Apache Kafka is a distributed publish-subscribe messaging system with a powerful queue that can process large amounts of data and enable the delivery of messages from one endpoint to another. Kafka is suitable for both offline and online message consumption. Kafka messages are kept on disk and replicated within the cluster to prevent data loss. Kafka is built on top of the ZooKeeper synchronization service. It integrates well with Apache and Spark for real-time streaming data analysis.

3. Main application scenarios of Kafka

1. Index analysis

Kafka is typically used to manipulate monitoring data. This design aggregates statistics from distributed applications to produce centralized data feedback for operations

2. Log aggregation solution

Kafka can be used to collect logs from multiple servers across an organization and make them available to multiple servers in a standard format.

3. Streaming processing

The strong durability of Kafka is also very useful in the streaming processing context of frameworks (Spark, Storm, flink) that read data in heavy themes, align it for processing, and write the processed data to new themes for use by users and applications.
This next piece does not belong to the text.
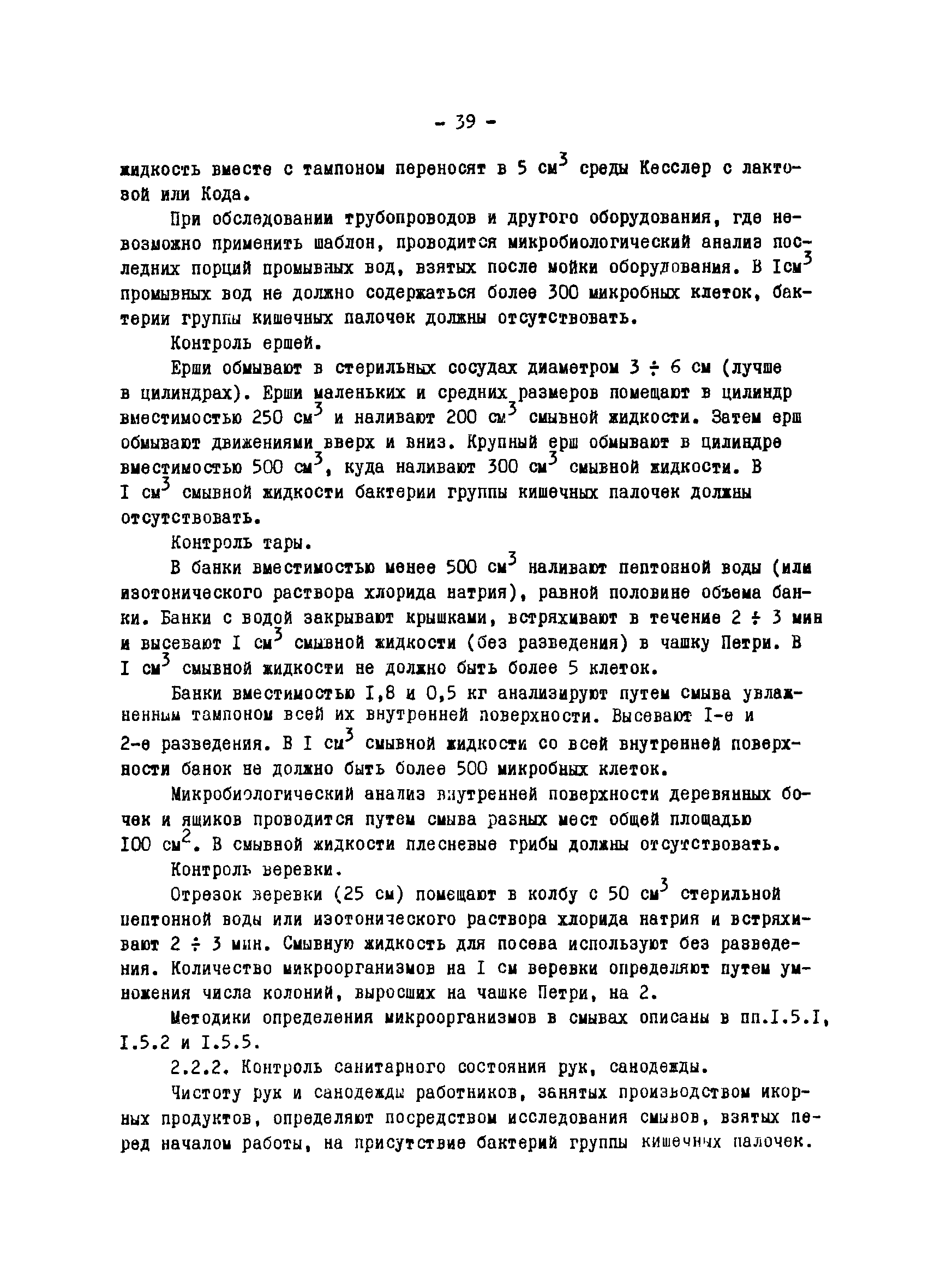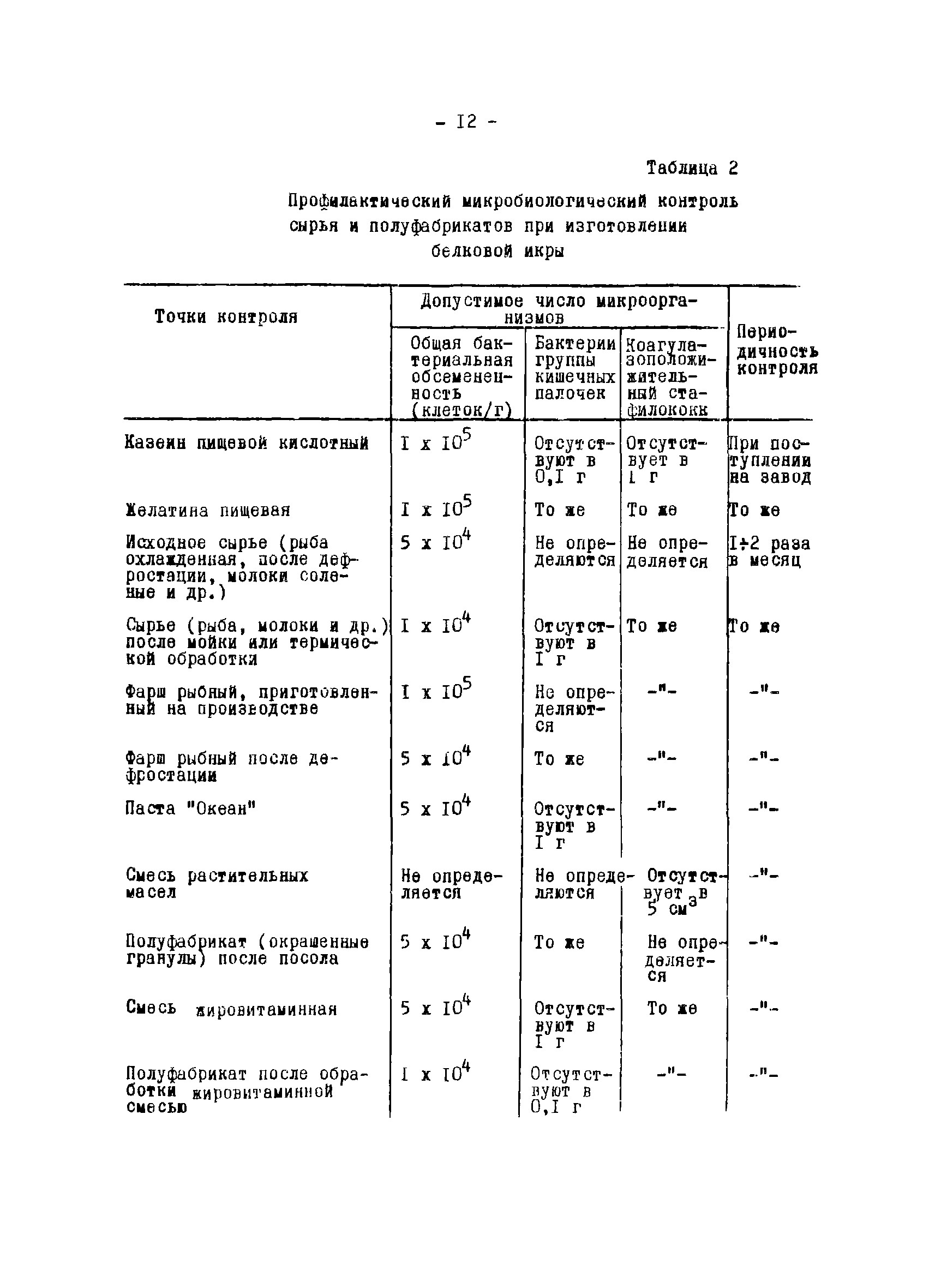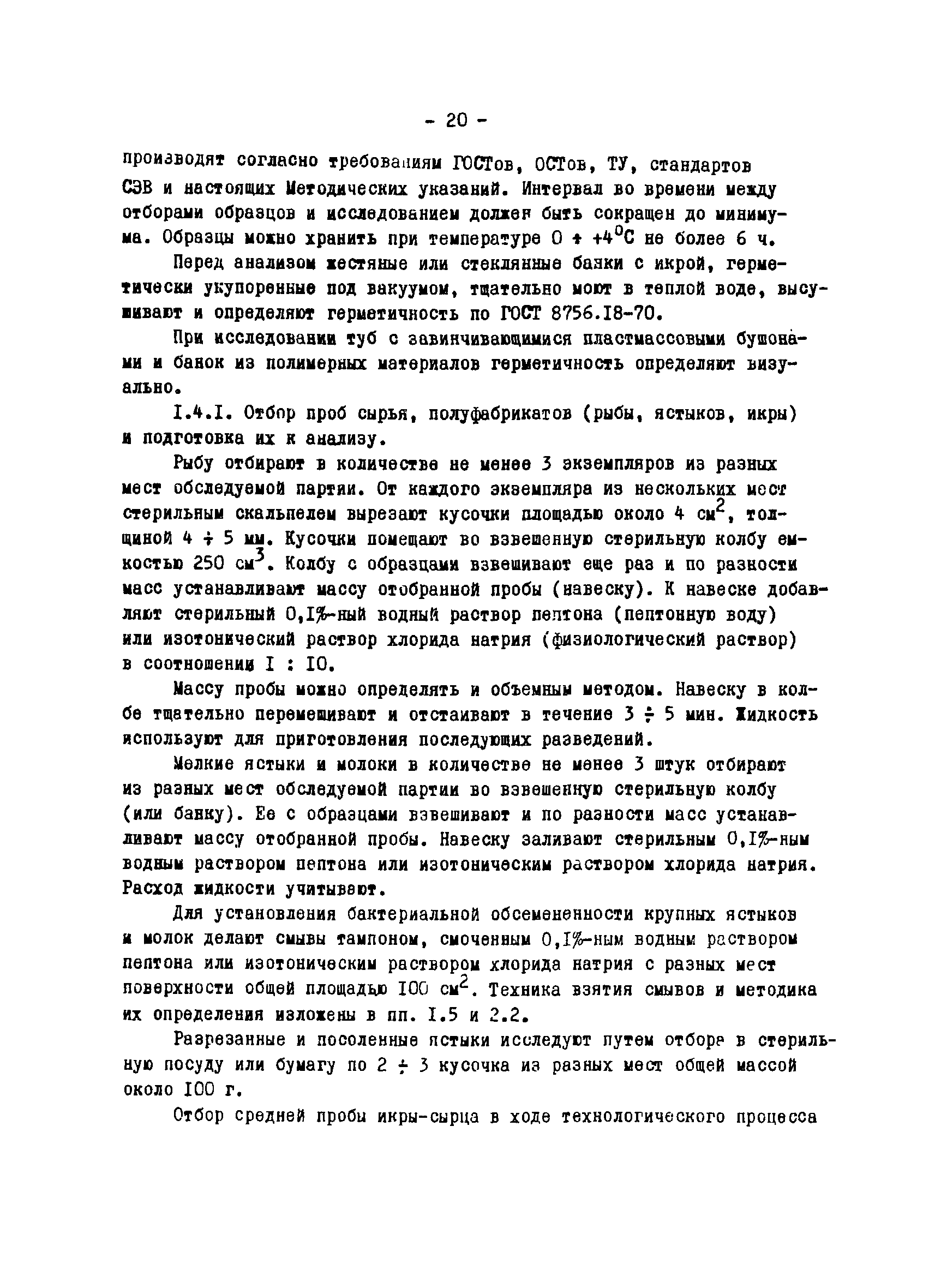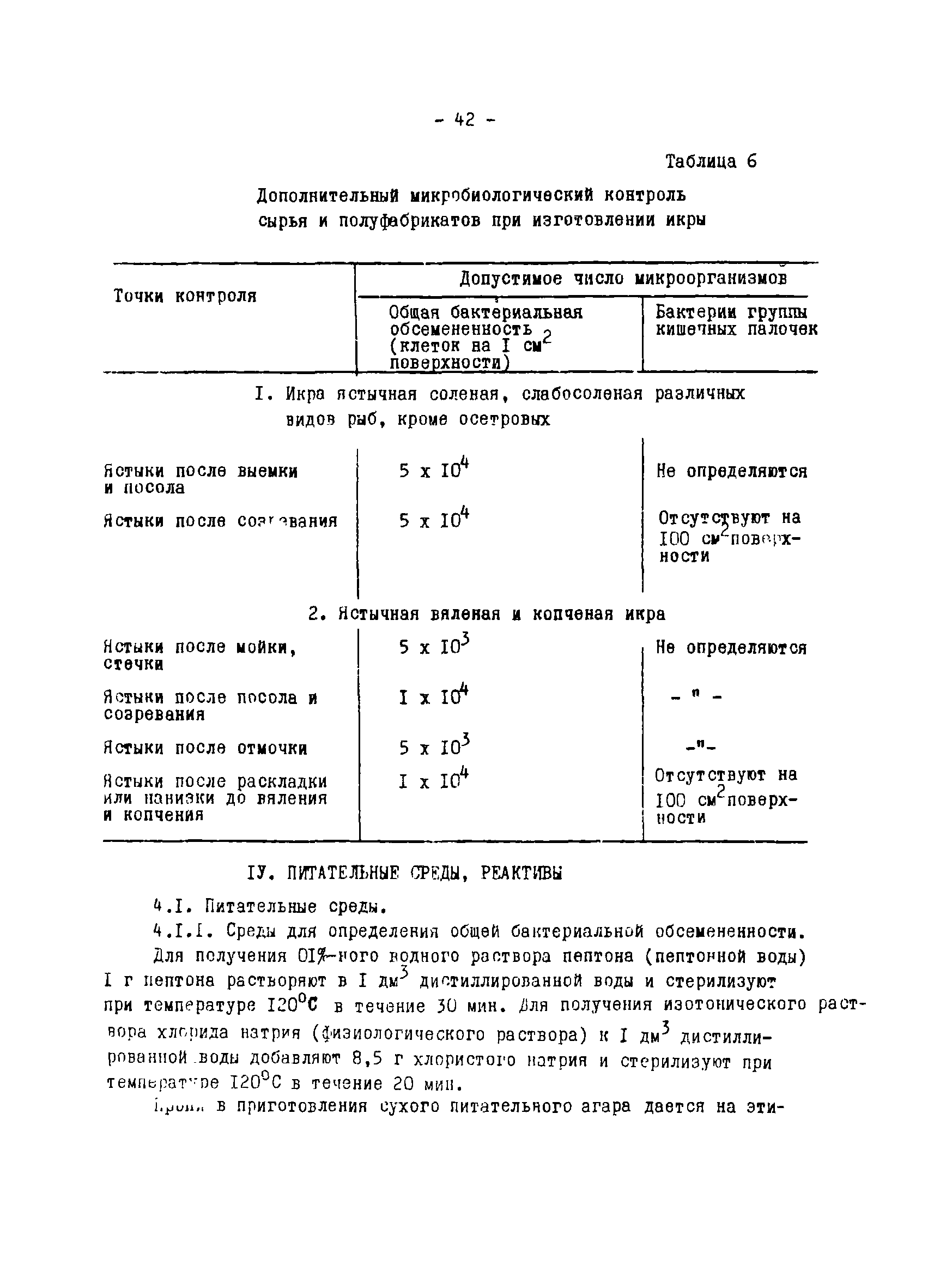 | Область применения: | Методические указания по санитарно-микробиологическому контролю икорного производства предназначены для работников производственных лабораторий, центральных лабораторий проектно-конструкторских и технических бюро всесоюзных рыбопромышленных объединений, учреждений санэпидслужбы, осуществляющих санитарно-микробиологический контроль икорного производства |

Contrast Kafka with Pulsar

1. Main advantages of Pulsar:

• More features: Pulsar Function, multi-tenant, Schema Registry, N-tier storage, multiple consumption modes and persistence modes, etc.

• More flexibility: 3 subscription types (exclusive, shared, and failover), users can manage multiple topics on a single subscription;

• Easy operation and maintenance: architecture decoupling and N-tier storage;

• Integration with Presto’s SQL to query the store directly without affecting the broker;

• Lower cost storage with the n-tier automatic storage option;

2. Disadvantages of Pulsar

Pulsar is not perfect, and Pulsar also has some problems:

• A relative lack of support, documentation and case studies;

• The N-tier architecture leads to the need for more components: BookKeeper;

• Kafka has fewer plug-ins and clients;

• With less support in the cloud, Confluent has a managed cloud product.

3. When should YOU consider Pulsar

• Both queues like RabbitMQ and stream handlers like Kafka are needed;

• Easy-to-use geographic replication is required;

• Implement multi-tenancy and ensure access for each team;

• You need to hold messages for a long time and don’t want to offload them to another store;

• High performance is required, and benchmarks show Pulsar provides lower latency and higher throughput;

In short, Pulsar is still relatively new, the community is not perfect, the use of enterprises is relatively few, online valuable discussion and problem solving is relatively few, far less than Kafka ecosystem, and the number of users is very large, currently Kafka is still the king of big data message queue! So we’ll stick with Kafka!